We are continuing to execute at a high level on our growth objectives rooted in the foundation that strong published data will drive insurance expansion leading to sustainable revenues and margins. We laid out these objectives in previous calls and continue to put the final pieces in place to allow blanket insurance coverage and, in turn, the scaling of PE and FS revenues. In recent months, we’ve made significant achievements as we advance and hit milestones aiming for cash flow breakeven and profitability. Regarding IV stem, we are primarily focused on revenue trajectory and we had significant growth of 40% in Q3 of twenty twenty four, ’40 ’3 percent growth in Q4 of twenty twenty four and thirty nine percent in q one of twenty twenty five. We continue to see only the very beginnings of new insurance policy coverage taking effect.

As such, I’m excited to share with you that the momentum has continued into q two. I now want to focus on and highlight the catalyst for what we expect to be continued revenue growth in the coming quarters. In the perfect world that we have been working toward in our near, children’s hospitals could access blanket insurance policy coverage and utilize a category one CPT code. For mass scaling and exponential growth, there are two critical components. First, the patient needs to be covered by insurance.
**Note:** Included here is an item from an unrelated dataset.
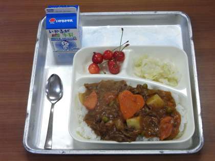 6月26日(金)、今日の給食のメニューは、「ハヤシライス、キャベツのゆずドレッシング、さくらんぼ、牛乳」でした。

And second, the physician needs to be compensated for their time in the form of RVUs or relative value units, which happens with a category one CPT code. We continue to move closer to this full picture being in place. As mentioned earlier, the category one CPT code has been awarded by the American Medical Association CPT panel and will become effective this coming January 1. Regarding insurance policy coverage, we went from 4,000,000 covered lives just over a year ago to 51 about 51,000,000 covered lives today. So what does it take to earn the remaining payers?

As we all know, the scientific community has accepted our flagship technology, but stronger revenues have been hindered by a lack of written insurance policy coverage. The most important recognition any medical technology can receive is independent guidelines by the academic society because this is an independent review of the literature and a grade is assigned, which the payer generally accept as a standard. We announced previously that a systematic review by the academic society NASS again was released, showing our technology has the highest grade certainty level and largest magnitude effect. NASS again is the North American Society for Pediatric Gastroenterology Hepatology Nutrition, and they are the Academic Society for Pediatric Gastroenterology, where our technology resides. This systematic review is in abstract form now, but we believe this information is the work being used to publish guidelines in the coming weeks.

We are told by the largest payers that this publication is needed for policy coverage, so we are eagerly waiting for this publication to get to the payers. Sticking with insurance policy coverage. I want to go into detail about the most important aspect of our growth. As we have stated consistently, policy coverage is the key to exponential revenue growth. Again, we have had this indication long enough that the academic society and the physicians within the society who treat these patients at the 260 children’s hospitals in The United States have been aware and are supportive, but the insurance policy coverage and cat one CPT code are imperative for seamless treatment.

We also stated that once the insurance policy coverage is written and in place, the children’s hospitals that were not already utilizing IV stem take about one hundred and twenty days to get the technology loaded, their processes in place, and begin ordering. With all of that said, our total covered lives today stand at about 51,000,000. Additionally, as expected, we have countless payers currently in the review process. Regarding children’s hospitals, many have been ordering for years, but for a variety of reasons, we have not received early insurance policy coverage in those geographic regions. Once insurance policy coverage is written in these areas, the children’s hospitals are expected to increase revenue very quickly because the product is already in their system, therefore not needing the one hundred and twenty days to get set up.

The second part of the seamless treatment for patients along with policy coverage is the category one CPT code. As everyone now knows, we have achieved the company’s most important milestone to date in the form of a category one CPT code, which will allow for more seamless billing and reimbursement. This is a permanent billing code that will become effective on January 1. The reason this code is so critical is that it brings a permanent code, making it much easier for revenue cycle teams to build a procedure. It will bring a permanent reimbursement amount, and it will provide RVUs, which is how most physicians productivity is measured.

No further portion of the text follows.